Monday, May 4, 2009

In praise of boredom

This year's NBA playoffs were regarded, at least before Derrick Rose blew up in Game 1, turning Bulls-Celtics into a series for the ages, as essentially a giant waste of time. We knew the match-up that was ultimately decide the Larry O'Brien Trophy, and we still do, everything else is basically the sideshow as we wait for the main event, Lakers-Cavs. 

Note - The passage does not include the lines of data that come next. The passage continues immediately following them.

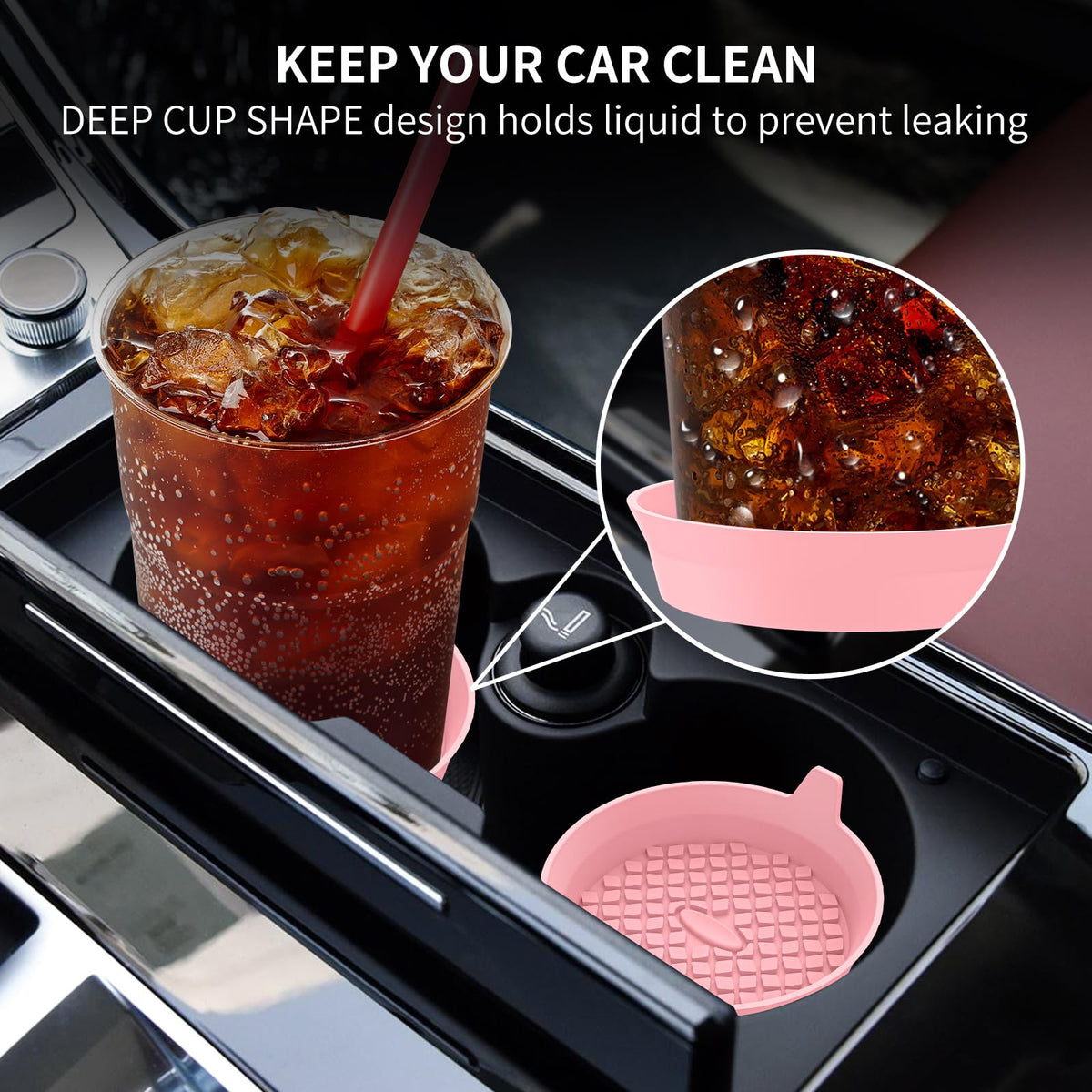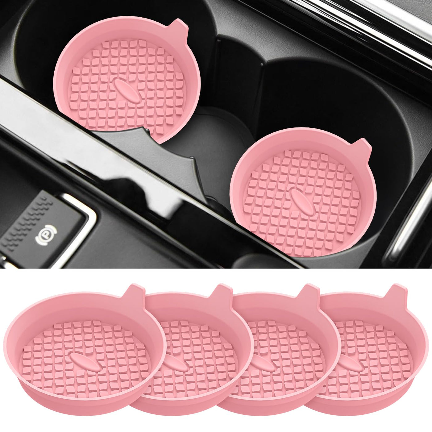 ME.FAN Car Coasters [4 Pack] Silicone Car Cup Coasters / Cup Mats - Universal Non-Slip Recessed Car Interior Accessories - Car Cup Holder Insert Coasters Pink
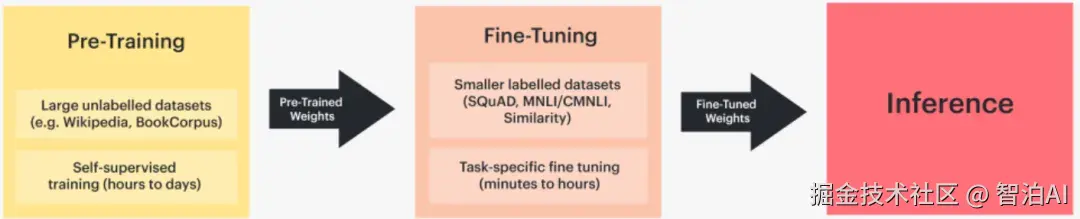 预训练阶段赋予模型通用的语言理解能力,微调过程则针对具体任务实现针对性优化与适配。
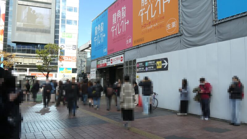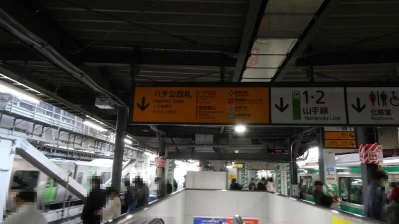 約1時間半で渋谷駅。 人が多い。 目指す出口はハチ公改札から宮益坂口だが一度トイレに行くため正反対の新南改札方面へ行ってみる。 新南改札付近だけ駅が完成してて綺麗だし、何となく空いてそうなので。

Aside from robbing the playoffs of a certain amount of joy, this ultimately gives certain series the shaft. Now I'm going to do something I really never would have imagined anyone doing... I'm going to defend the Hawks-Heat series.

 

Not that the series was good basketball mind you, because God knows it was awful, awful stuff. 

 

And do I think that the Hawks have much of a shot against the Cavs? I do not. 

 

But here's the thing. Because of the fait accompli of the Finals, barring injury, we need something either unexpectedly dramatic, like the greatest first round series ever, or absurd, like a 58-point blowout, to drive the conversation, however briefly. But the prospect of Heat-Cavs offered something different, something we wouldn't otherwise get until the finals, a series between two of the top three players in the league. I know of at least a few people, like Bill Simmons and Jay Marriotti, talking about the spectacle of a game 5 in Cleveland tied 2-2, after Wade had gone for 50+ two straight games to even the series. That would be compelling television.

 

Instead, we get the Hawks, a fine, rising team, but a team devoid of a telegenic superstar. Instead, it’s a team that was solidly the best of the rest of the East for nearly the entire season, after the Billups trade, a team whose best player who's signing resulted in a lawsuit between ownership. But here's the thing. I think the Hawks at least provide a better matchup than the Heat, who, we learned over the course of that series, consist solely of Wade, the zombified corpse of Jermaine O'Neal, an infuriatingly disappointing Michael Beasley and a coach no older, I think, than myself. Josh Smith is infuriating, but talented enough, I think, that he might actually be called upon to check LeBron on occasion, and Joe Johnson could prove to be an issue for the Cavs, now that he's out of his slump. The Hawks probably are going to be more of a challenge, and they'll need that testing as they move forward.

 

This, I believe, is not the matchup we wanted but its the matchup we, and ultimately the Cavaliers, needed.